[Stored dataset items]
[Start of section]

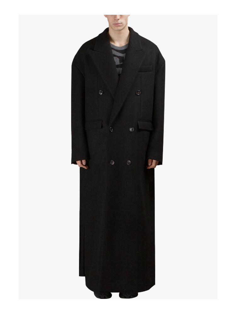 Larga suelta abrigo de lana los hombres gota hombro perfil hendidura lateral Otoño e Invierno Top personalidad moda
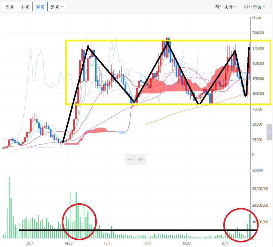실적이나 수급은 그냥 그렇다. 월봉 차트에서도 박스권 상단으로 보인다. 박스권 상단을 돌파할 수도 있지만 전고점들의 매물벽들은 만만하지 않아 보인다. 갑자기 찬양적인 증권사의 리포트들 또한 매수를 경계하게 만든다. 추격매수나 돌파매매 그리고 뇌동매매는 하지 않아야 하며 만약에 매수한다면 손절 가격을 정하는 것이 좋을 듯싶다.
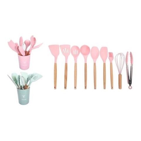 Estilodomus - Set 13Pcs Utensilios De Cocina De Silicona Antiadherentes Rosa
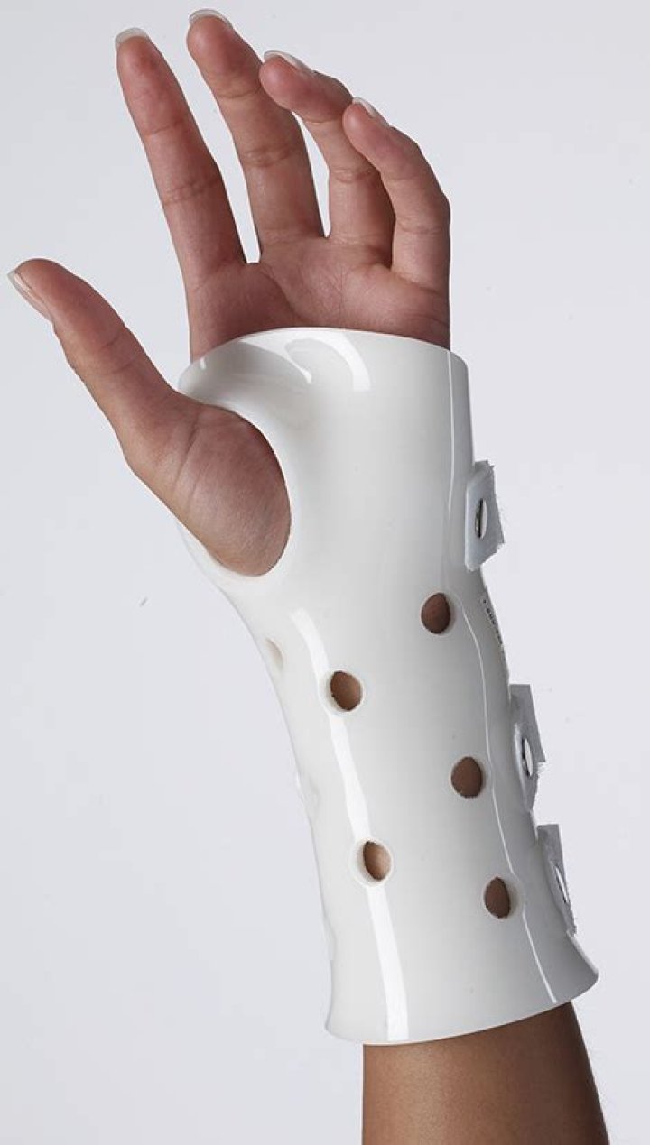 These orthotics encompass the forearm and the palm. They are primarily used to support weak muscles and/or immobilize or limit the motion of the wrist while allowing the fingers to move.
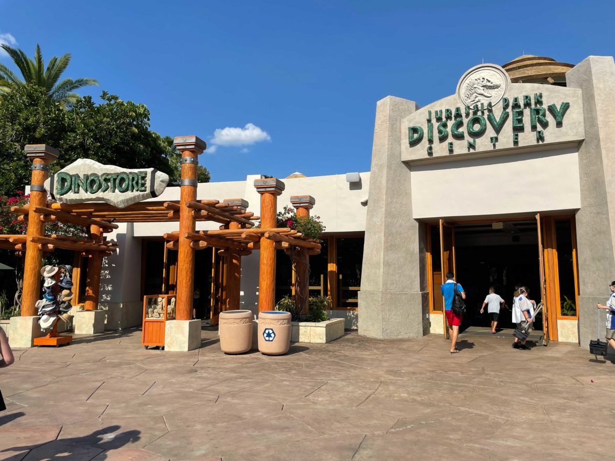 Another coat of paint has been added to the Dinostore sign to give it a multi-colored look that matches the Discovery Center sign. The Burger Digs sign will most likely be painted to match.
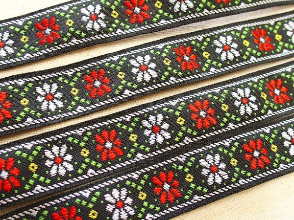 - 即決 ! 0.5mより チロリアンテープ 黒 花☆ ハンドメイド 手芸資材 インド刺繍リボン

[End of section]

Produce the entries above once more, exactly as given, with each picture left out.

 Larga suelta abrigo de lana los hombres gota hombro perfil hendidura lateral Otoño e Invierno Top personalidad moda
실적이나 수급은 그냥 그렇다. 월봉 차트에서도 박스권 상단으로 보인다. 박스권 상단을 돌파할 수도 있지만 전고점들의 매물벽들은 만만하지 않아 보인다. 갑자기 찬양적인 증권사의 리포트들 또한 매수를 경계하게 만든다. 추격매수나 돌파매매 그리고 뇌동매매는 하지 않아야 하며 만약에 매수한다면 손절 가격을 정하는 것이 좋을 듯싶다.
 Estilodomus - Set 13Pcs Utensilios De Cocina De Silicona Antiadherentes Rosa
 These orthotics encompass the forearm and the palm. They are primarily used to support weak muscles and/or immobilize or limit the motion of the wrist while allowing the fingers to move.
 Another coat of paint has been added to the Dinostore sign to give it a multi-colored look that matches the Discovery Center sign. The Burger Digs sign will most likely be painted to match.
 - 即決 ! 0.5mより チロリアンテープ 黒 花☆ ハンドメイド 手芸資材 インド刺繍リボン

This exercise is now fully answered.